Dataset records
···
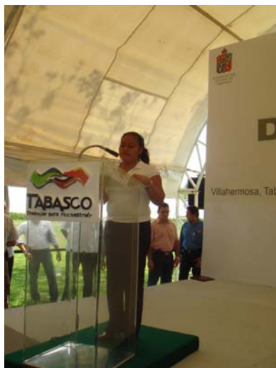
Foto 2. Lectora en representación del “Centro Holístico Mundo Sustentable”

AL CENTRO HOLISTICO MUNDO SUSTENTABLE DE OLCUATITÁN, NACAJUCA.
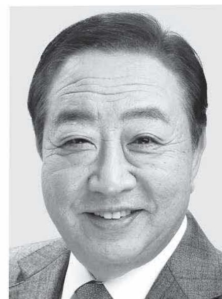
立憲民主党 代表 野田佳彦
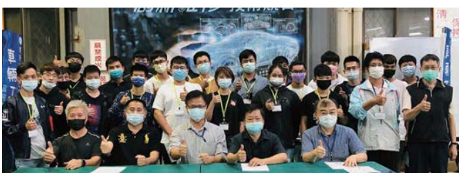
全國創新維修技術競賽合照
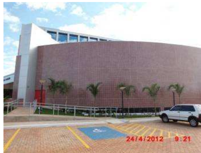
Vista parcial do estacionamento de veículos da fachada sul.
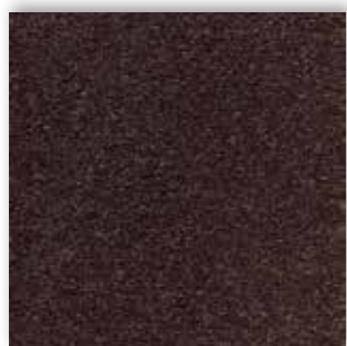
45 4m + 5m
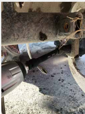
使用例 トラクターの爪交換作業に
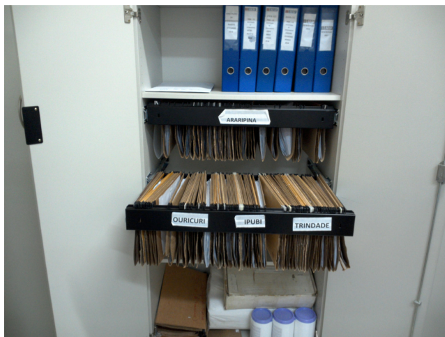
22.4. O local de guarda do prontuário de cada empresa do ano corrente
···
Work task
Everything in the material above must be repeated exactly, apart from its pictures.

Completed exercise
Foto 2. Lectora en representación del “Centro Holístico Mundo Sustentable”

AL CENTRO HOLISTICO MUNDO SUSTENTABLE DE OLCUATITÁN, NACAJUCA.
立憲民主党 代表 野田佳彦
全國創新維修技術競賽合照
Vista parcial do estacionamento de veículos da fachada sul.
45 4m + 5m
使用例 トラクターの爪交換作業に
22.4. O local de guarda do prontuário de cada empresa do ano corrente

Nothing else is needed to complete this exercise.